Once the line containing "Red kangaroo hopping" is found in the records below, return it and each following line exactly, up to and including the line containing "湖南科技大学成人高等教育本科招生简章", and nothing else.

--- TASK INPUTS Enclosed Below ---

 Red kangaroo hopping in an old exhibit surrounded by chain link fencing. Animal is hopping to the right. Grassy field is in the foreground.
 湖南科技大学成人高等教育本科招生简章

--- End of Enclosed TASK INPUTS ---
--- TASK INPUTS Enclosed Below ---

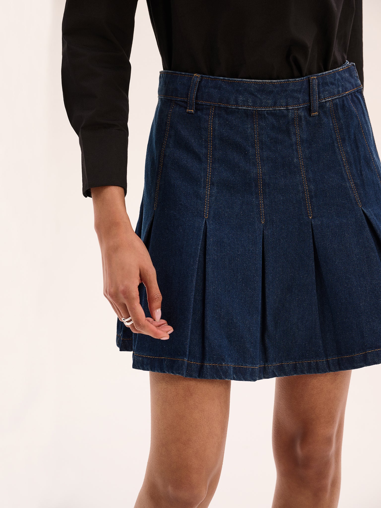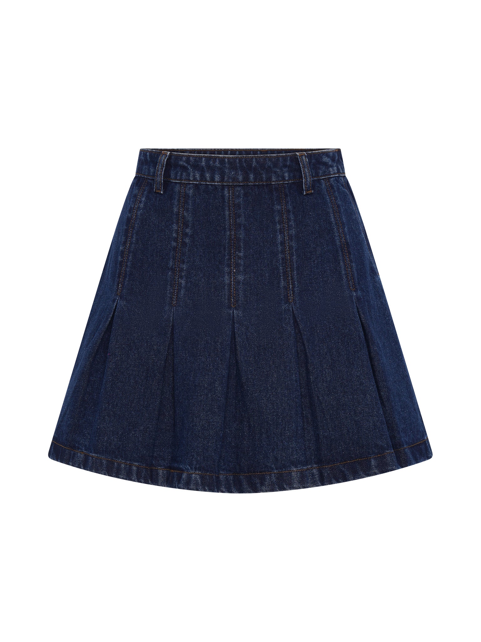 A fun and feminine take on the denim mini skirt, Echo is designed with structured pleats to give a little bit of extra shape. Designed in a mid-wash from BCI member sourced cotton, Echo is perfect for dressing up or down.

--- End of Enclosed TASK INPUTS ---

### WORKED SOLUTION
 Red kangaroo hopping in an old exhibit surrounded by chain link fencing. Animal is hopping to the right. Grassy field is in the foreground.
 湖南科技大学成人高等教育本科招生简章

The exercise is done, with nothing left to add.